Candida auris remains important because it combines difficult identification, potential multidrug resistance, and significant outbreak potential. Even when a paper is more epidemiological than methodological, it can still be highly relevant to diagnostic services.

6) Evidence that increased azole persistence and stress resistance precede the in vivo evolution of azole resistance in Aspergillus fumigatus

Delbaje E, Pontes L, Savoldi M, Sedik S, Dichtl K, Hoenigl M, Lass-Flörl C, Silva Pereira C, Schreiber AZ, Rokas A, Lu L, Barbosa JCJ, Fill T, Dos Reis TF, Goldman GH.
Microbiology Spectrum. 2026 Apr 7;14(4):e04021-25.
PMID: 41837673

This paper is not a direct diagnostics study, but it may prove quite important conceptually. It suggests that azole persistence can arise before full, genetically established azole resistance develops in Aspergillus fumigatus.

Main messages

  • There may be an intermediate state between full susceptibility and established resistance.
  • This state is linked to persistence and stress tolerance.
  • Standard susceptibility testing may not fully capture this biology.

Why this matters

This raises an important longer-term diagnostics question: are current tests good enough at identifying patients or isolates at risk of treatment failure before classical resistance becomes obvious? The paper does not answer that fully, but it points to a potentially important blind spot in current antifungal diagnostics.

7) Other noteworthy developments

Invasive aspergillosis in lung and heart transplant recipients

Morrissey CO.
JHLT Open. 2026 Jan 20;12:100494.
PMID: 41736996

This review is broader than diagnostics alone, but transplant recipients remain one of the most important high-risk groups for invasive aspergillosis. The paper is useful background reading because diagnosis in these patients is particularly time-sensitive and complex.

A screening pipeline for human proteins interacting with the Aspergillus fumigatus melanin virulence determinant

Danesh M, Osmanoglu Ö, Gupta SK, Heineking I, Brakhage AA, Kniemeyer O, Dandekar T.
Computers in Biology and Medicine. 2026 May 1;207:111624.
PMID: 41886923

This is an early-stage mechanistic paper rather than a current diagnostics paper, but it may eventually contribute to work on host–pathogen interaction markers or new biomarker targets.

Overall interpretation

This week’s update was shaped more by high-quality reviews than by a large number of major original diagnostics trials, but there were still several useful developments.
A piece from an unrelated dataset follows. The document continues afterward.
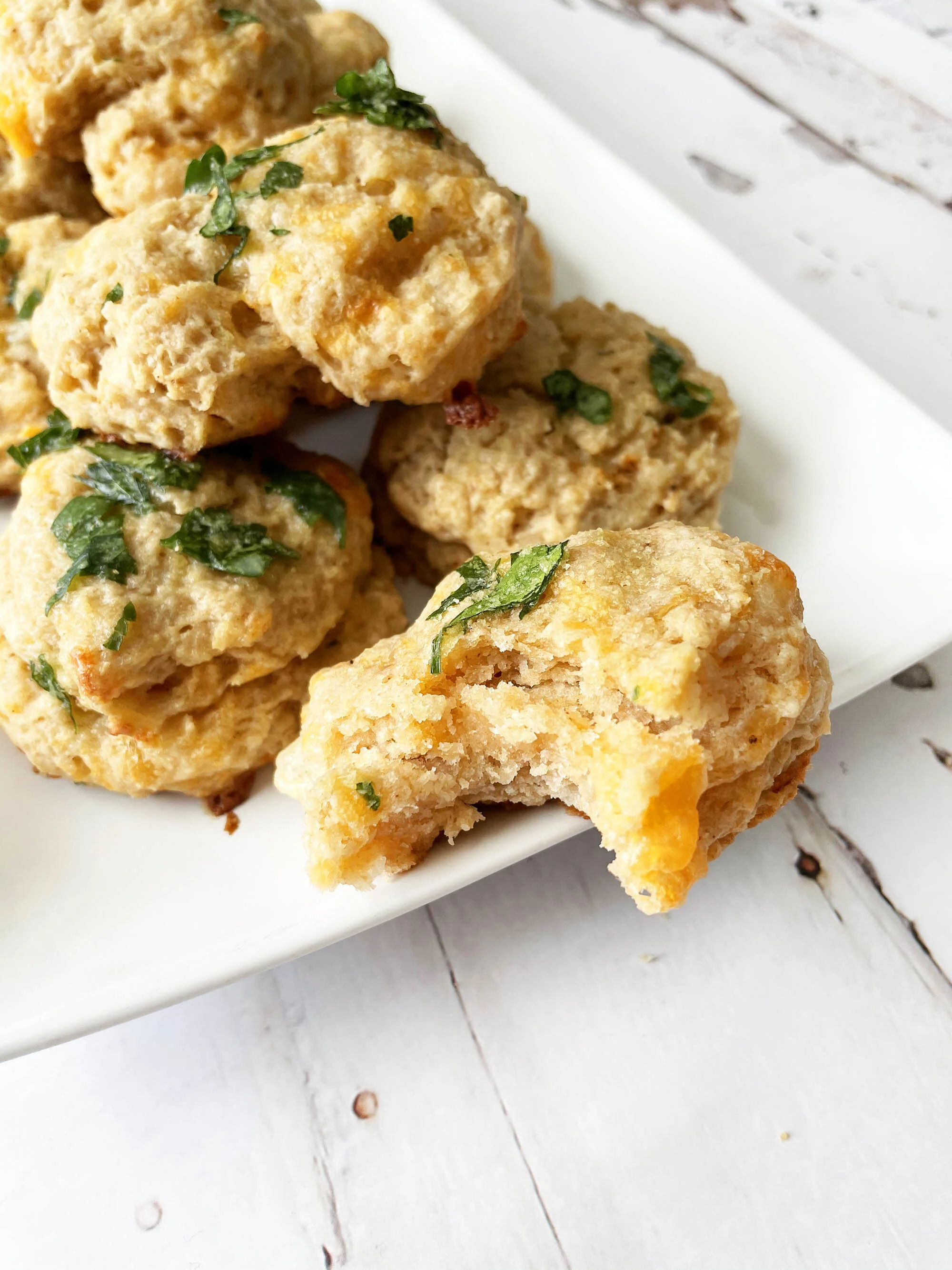 It’s the first day of summer vacation. I officially have a middle schooler! That’s just crazy to me. You know what else is crazy to me? How easy and cheesy these Healthified Cheddar Bay Biscuits are! You know what bay biscuits are, right? Those tasty crumbly cheesy biscuits they have at that popular seafood chain restaurant. These are my healthified take and those!

The broad message is consistent with where the field has been heading for some time:

  • diagnosis of invasive fungal disease remains multimodal
  • PCR and biomarker testing are increasingly established, not merely experimental
  • newer non-invasive and technology-enabled approaches are beginning to emerge, but are not yet routine
  • important gaps remain, especially around resistance evolution, tolerance states, and performance across different patient populations

For aspergillosis in particular, the most useful take-home points this week are:

  • galactomannan remains central, but must always be interpreted in context
  • Aspergillus PCR is becoming increasingly important as part of combined diagnostic pathways
  • artificial intelligence-assisted microscopy may become a practical laboratory aid in the future
  • diagnostics may eventually need to do more than detect resistance; they may also need to capture earlier tolerance or persistence states

References

Author note

This weekly update is intended as a structured summary of recent papers relevant to fungal diagnostics. It is designed for educational use and should be interpreted alongside local laboratory practice, specialist guidance, and the clinical context of individual patients.